# Twin Flex



## Freqman1 (Nov 30, 2016)

Just curious what is going on here--two different people retracting bids? That would be two bidders banned from any of my auctions-ever!

http://www.ebay.com/itm/172419512299?_trksid=p2060353.m1438.l2649&ssPageName=STRK:MEBIDX:IT


----------



## rollfaster (Nov 30, 2016)

My thoughts are: if you not committed to buying, don't bother throwing down a bid. Plain and simple!


----------



## catfish (Nov 30, 2016)

Bidders remorse?


----------



## tripple3 (Nov 30, 2016)

Pretty! $2500 to start it; $150 to ship


----------



## volksboy57 (Nov 30, 2016)

That is so cool!


----------



## Freqman1 (Nov 30, 2016)

I guess the person that retracted their bid two days ago had a change of heart. Hopefully they follow through. V/r Shawn


----------



## CWCMAN (Nov 30, 2016)

He didn't want to be on your poop list Shawn. You scared him straight.

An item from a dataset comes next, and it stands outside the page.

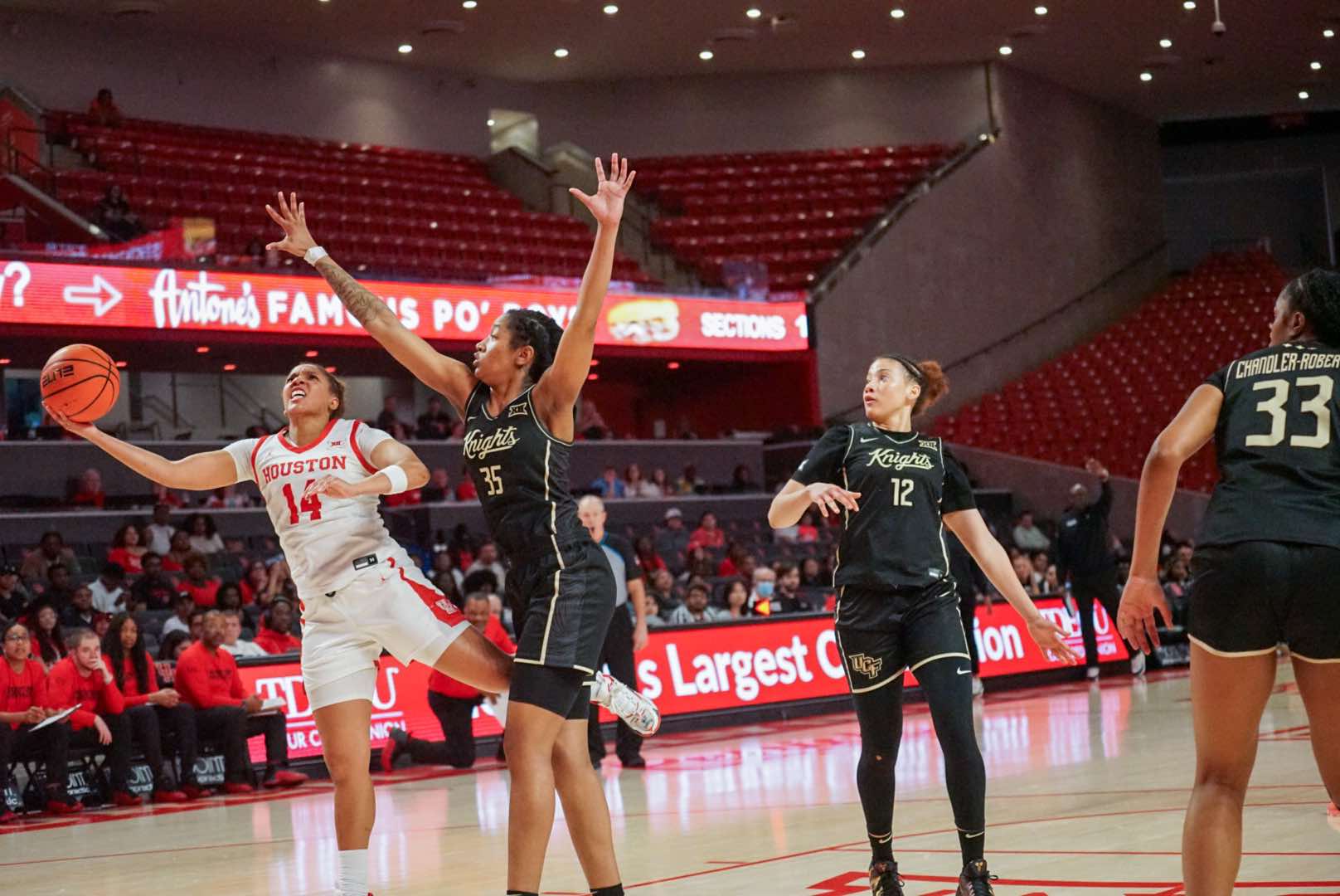 The Knights built their lead to 20 points in the fourth, but Houston fought back to trim the deficit to 10. However, the Cougars were unable to score from the field in the final two minutes, allowing UCF to close out the victory.
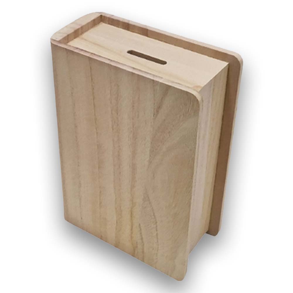 Deze unieke houten spaarpot in de vorm van een boek is een stijlvolle en originele manier om te sparen voor jouw volgende grote avontuur of een bijzonder moment.

That's funny how the cabe has auto clean up on some of the choice words 

"Garbage" was not the word I wrote.........More like SH*T


----------



## Bikermaniac (Dec 6, 2016)

Very cool bike!


----------



## tripple3 (Dec 7, 2016)

1 bid is all it took.
So was it a member here? Care to Share??


----------



## THEGOLDENGREEK (Dec 7, 2016)

Yes it's my friends bike that he is selling the twin flex on eBay .


----------



## 37fleetwood (Dec 7, 2016)

well, it's technically a collection of unrelated parts, not much of it goes together.


----------